Such persons (especially Vulnerable Narcissists) will get you to talk about yourself WAY too much on a first or second date (and of course psychopaths and sociopaths will use this strategy too, but it seems to be a little more of a classical move that Vulnerable Narcissists play).

They may start out acting very, very interested in you, asking you all sorts of questions about what makes you “tick,” about your background, what kind of family you come from, etc.

You need to be careful how much or what type of that information you share.

You can also choose to refuse to answer any questions out-right, just tell the person, “I choose not to answer that question.” If they keep pressing or nagging you into giving an answer, just keep repeating over and over (however many times necessary), “I decline to answer that question.”

You do not always owe other people answers (not all the time with all people in every situation – this is highly context specific, but on a first, second, third, fourth, etc., date, NO, you do NOT owe your date answers to any or all questions!), nor do you owe people justifications or explanations for whatever choices you make in life, either.

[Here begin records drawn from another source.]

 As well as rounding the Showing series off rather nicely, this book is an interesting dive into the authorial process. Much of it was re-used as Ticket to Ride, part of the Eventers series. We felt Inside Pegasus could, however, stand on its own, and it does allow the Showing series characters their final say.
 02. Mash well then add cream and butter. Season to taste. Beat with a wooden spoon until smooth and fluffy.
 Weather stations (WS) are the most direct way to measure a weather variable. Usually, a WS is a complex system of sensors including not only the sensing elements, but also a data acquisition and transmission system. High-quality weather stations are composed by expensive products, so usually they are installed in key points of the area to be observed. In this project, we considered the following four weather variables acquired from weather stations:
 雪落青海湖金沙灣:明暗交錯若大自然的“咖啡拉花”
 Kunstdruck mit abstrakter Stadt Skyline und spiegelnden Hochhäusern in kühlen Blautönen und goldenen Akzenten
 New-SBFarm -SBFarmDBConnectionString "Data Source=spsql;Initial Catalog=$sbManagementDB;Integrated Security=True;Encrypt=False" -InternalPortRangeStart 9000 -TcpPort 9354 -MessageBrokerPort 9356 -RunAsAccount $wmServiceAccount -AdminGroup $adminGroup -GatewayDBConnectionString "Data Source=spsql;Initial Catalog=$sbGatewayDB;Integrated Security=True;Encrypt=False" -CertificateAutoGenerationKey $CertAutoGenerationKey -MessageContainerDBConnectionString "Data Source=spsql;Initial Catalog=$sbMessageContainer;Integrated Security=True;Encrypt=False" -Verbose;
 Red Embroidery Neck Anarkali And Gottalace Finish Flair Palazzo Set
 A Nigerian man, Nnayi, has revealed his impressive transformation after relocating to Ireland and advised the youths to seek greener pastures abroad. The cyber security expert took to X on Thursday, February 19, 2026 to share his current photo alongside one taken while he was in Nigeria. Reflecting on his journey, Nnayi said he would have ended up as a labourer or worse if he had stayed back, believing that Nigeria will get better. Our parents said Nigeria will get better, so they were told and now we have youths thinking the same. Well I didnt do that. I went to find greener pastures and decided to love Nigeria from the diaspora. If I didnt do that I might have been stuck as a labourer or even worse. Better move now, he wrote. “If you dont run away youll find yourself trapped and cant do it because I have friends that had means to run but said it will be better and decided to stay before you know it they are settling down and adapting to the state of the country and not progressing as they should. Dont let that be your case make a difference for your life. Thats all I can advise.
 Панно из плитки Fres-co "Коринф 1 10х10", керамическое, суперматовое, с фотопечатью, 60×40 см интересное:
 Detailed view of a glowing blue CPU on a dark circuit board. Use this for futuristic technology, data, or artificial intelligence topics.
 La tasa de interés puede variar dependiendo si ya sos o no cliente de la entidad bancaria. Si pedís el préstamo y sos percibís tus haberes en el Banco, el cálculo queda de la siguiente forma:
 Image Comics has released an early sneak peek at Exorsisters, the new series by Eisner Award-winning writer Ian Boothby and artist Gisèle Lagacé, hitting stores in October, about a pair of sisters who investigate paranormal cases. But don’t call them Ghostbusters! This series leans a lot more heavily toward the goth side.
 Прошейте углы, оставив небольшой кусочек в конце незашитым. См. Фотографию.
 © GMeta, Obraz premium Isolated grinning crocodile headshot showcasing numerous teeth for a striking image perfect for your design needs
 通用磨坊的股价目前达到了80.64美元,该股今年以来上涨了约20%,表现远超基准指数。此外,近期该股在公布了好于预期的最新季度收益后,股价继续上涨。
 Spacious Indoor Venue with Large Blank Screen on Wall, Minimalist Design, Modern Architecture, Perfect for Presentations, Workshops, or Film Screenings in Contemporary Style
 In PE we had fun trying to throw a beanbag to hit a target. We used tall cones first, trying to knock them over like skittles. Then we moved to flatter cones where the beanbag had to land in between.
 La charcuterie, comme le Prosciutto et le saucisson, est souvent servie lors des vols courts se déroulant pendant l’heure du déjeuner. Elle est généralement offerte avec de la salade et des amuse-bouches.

Vulnerable (also known as Covert) Narcissists (and other Cluster B persons) try to pry into your personal business and learn about weak areas and regrets as much as they can, not because they truly care about you or your background, or your likes, your triggers, or your vulnerabilities, but they want that information so that they can use it to exploit and control you with later on.

They will eventually intentionally bring up your triggers, your weak spots, and/or shame you with painful or embarrassing things you admitted to them on a first or second date.

For example, if you admit early on in a relationship to always having had body issues and insecurities, to feeling embarrassed about not being stick thin, then as time moves on, they will more than likely start mocking you about your weight, or making thinly veiled insults
– like if they walk in seeing you eating a slice of pie, they may make a low key snide dig like, “Oh, is that your second piece of pie today?,” or, “Do you really think with your weight issues you should be eating that?”

They are doing that kind of thing on purpose. It’s calculated to make you feel shame. It is deliberate.

They want to chip away at your self esteem so that you are easy to control, abuse, and manipulate.

Some of them, especially the Covert Narcissists, will sometimes feign innocence and act as though they really and truly DO care about your weight and your health when they make comments about you eating another piece of pie. But they don’t actually care about your health or your weight.

Their end goal is to shame you more so they can control you, and you unknowingly tipped them off early in the dating stages that they can use your sensitivity about your body image / weight to clobber you with down the road.

One good book on this topic to get you started, what to look for early on in dating (or in forming friendships, or what to look for on job interviews to make sure you’re not walking into a toxic work environment with an abusive boss or co-workers),
and to learn about some of the typical emotionally manipulative games Cluster B persons play on their targets, is this book:
“Psychopath Free” by Jackson MacKenzie.
The book “The Gift of Fear” by Gavin DeBecker also offers a few similar insights. 

(Link): Nearly half of single people receive unsolicited nudes, get ghosted: poll

by Jack Hobbs
March 28, 2023

Single people who’ve been ghosted or sent an unsolicited nude photo — you’re not alone.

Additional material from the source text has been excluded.